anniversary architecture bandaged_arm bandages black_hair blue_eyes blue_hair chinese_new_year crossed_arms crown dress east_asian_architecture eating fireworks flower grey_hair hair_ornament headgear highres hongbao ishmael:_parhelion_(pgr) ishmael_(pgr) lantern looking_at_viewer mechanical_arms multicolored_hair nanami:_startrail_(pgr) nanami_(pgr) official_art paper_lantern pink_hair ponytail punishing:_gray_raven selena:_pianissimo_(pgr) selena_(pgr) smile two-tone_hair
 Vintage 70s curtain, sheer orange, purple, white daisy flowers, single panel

—————

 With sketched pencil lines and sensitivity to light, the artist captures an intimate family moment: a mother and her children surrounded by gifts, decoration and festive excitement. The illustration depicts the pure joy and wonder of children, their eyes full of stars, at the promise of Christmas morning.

—————

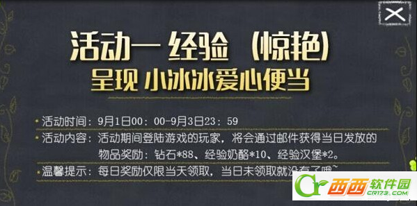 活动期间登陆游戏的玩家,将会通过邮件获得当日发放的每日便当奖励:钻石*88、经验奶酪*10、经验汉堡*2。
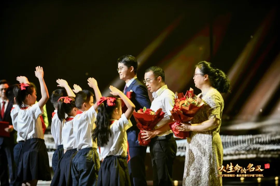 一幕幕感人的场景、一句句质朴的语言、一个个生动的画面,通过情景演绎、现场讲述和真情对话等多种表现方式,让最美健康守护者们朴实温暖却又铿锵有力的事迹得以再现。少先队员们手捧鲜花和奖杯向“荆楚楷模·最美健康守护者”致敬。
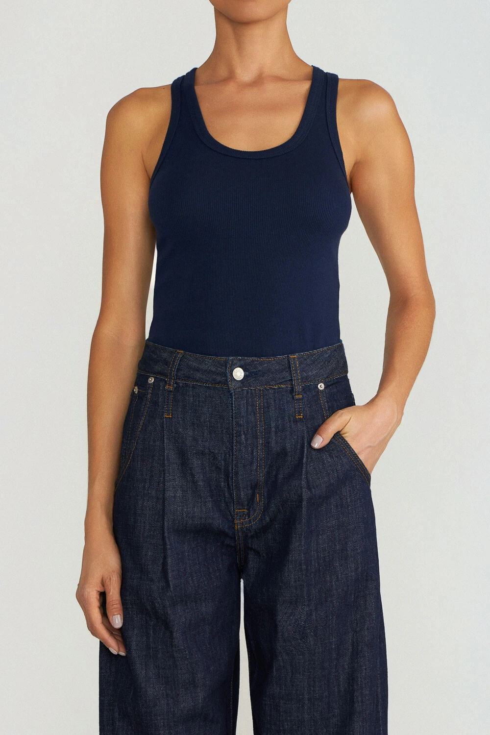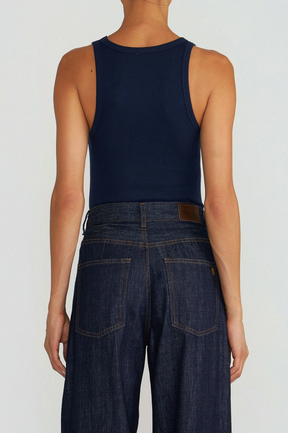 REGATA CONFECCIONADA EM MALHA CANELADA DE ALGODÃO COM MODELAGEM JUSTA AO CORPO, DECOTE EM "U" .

—————

### PROBLEM DETAILS
From the records above, transcribe exactly the run of lines that opens with the line holding "anniversary architecture bandaged_arm" and closes with the line holding "Vintage 70s curtain, sheer", both included.

### SOLUTION
anniversary architecture bandaged_arm bandages black_hair blue_eyes blue_hair chinese_new_year crossed_arms crown dress east_asian_architecture eating fireworks flower grey_hair hair_ornament headgear highres hongbao ishmael:_parhelion_(pgr) ishmael_(pgr) lantern looking_at_viewer mechanical_arms multicolored_hair nanami:_startrail_(pgr) nanami_(pgr) official_art paper_lantern pink_hair ponytail punishing:_gray_raven selena:_pianissimo_(pgr) selena_(pgr) smile two-tone_hair
 Vintage 70s curtain, sheer orange, purple, white daisy flowers, single panel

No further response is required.